I've had a small amount of soft tissue (fat?, breast tissue from puberty??) behind my nipples for as long as I can remember, more pronounced on the right side. And they get that pointy look if my body fat gets to where I start to lose my abs. That did seem to be increasing slightly when I did no cardio and let my diet get out of control during my 7 day peg leg experience. But I took 20mg Nolvadex, got strict with my diet again and hit 2 hrs of cardio a day the last 4 days and it is decreasing, maybe even better than before starting the cycle. So the Nolva is good for sure. I was planning to do this for 5 days. I'd actually have 2 more nights with the Nolva. I know a lot going on here.
It's leg day tho and I'm getting antsy to go hit it. I haven't squatted since starting the cycle due to well, the peg leg, but I'm hoping I am able to today! If not I'll deadlift!

CBBurrr's picture

What do you mean by peg leg? do you have so much pip that your leg hurts too much to squat?
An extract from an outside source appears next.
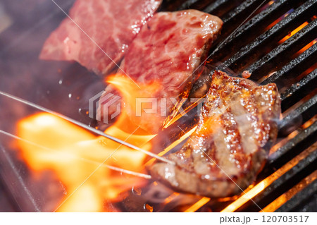 バーベキュー 焼肉 BBQ キャンプ飯 網焼き 炭火焼き イメージ素材

Since you can't afford bloods, or another bottle of AI, maybe you should abort the cycle and start PCT. Start a fresh cycle when you have the cash perhaps? Not giving advice, just expanding on the conversation here.

Deadlifter85's picture

Ya I kinda botched the injection I think. All the others went smoothly with minimal pip, but that one my whole upper quad and knee swelled all up. I couldnt bend my knee more than a few degrees or fully straighten it. I injected into the vastus lateralis and there was some pip at the injection site, but the real pain was actually in the rectus femoris. And it was bad bro, some of the worst pain ive ever experienced, constant for a good 5 days, but somehow its still worth it.... lol. I burried 1.5in pin and I think it was too deep. I was also nervous as that was only my second injection and was really shaky while injecting. I had a hell of a time getting the oil thru the pin on that one. But its all good how. I was able to squat yesterday. And I did deadlifts also just for the hell of it haha. But my damn strap ripped! chalks not allowed at my gym. I may end up aborting if things dont improve in the next week or so.

.50 guns's picture

Aromasin all the way

CBBurrr's picture

Going the aromasin route, have some on the way. Pretty spendy, but pharmacy grade.

CBBurrr's picture

Which AI would you suggest for a first test only cycle? Perhaps I should have both on hand in case I respond poorly to one or the other.

dabuddha669's picture

i would prefer aromosin, at least I know i respond well to that.

j223's picture

Just use the aromatase inhibitor which suits you best. If one gives you bad side effects then try the other.

dabuddha669's picture

i would say definately not true, if anything it's opposite. arimidex can cause an estro rebound, whereas aromosin is a suicide inhibitor and renders aramotase useless until it flushes out of your body. honestly, as long as you respond to aromosin it is a better compound as it also doesn't mess with your cholesterol levels like arimidex.

j223's picture

bullshit. false information to the max.

dabuddha669's picture

upon digging, I've found out arimidex doesn't have the effect on lipids I thought it did. I would still choose aromasin over arimidex due to its positive effect on igf-1 levels. Here is a really good post somebody went through the trouble to put together regarding the difference between the two compounds. http://www.eroids.com/forum/steroids-qa/pct-anti-estrogens/aromasin-exem...
This doesn't address the rebound effect I have claimed, but i will do some digging.

dabuddha669's picture

actually, no digging is necessary. The article explains how as a non-suicidal inhibitor, arimidex has the tendency to cause estrogen rebound once its administration is ceased.

mwagner630's picture

yes this is why some will run arimidex during and aromasin to finish

CBBurrr's picture

Thanks for clearing that up guys. I must have been a little confused on the estro rebound and ways to avoid it.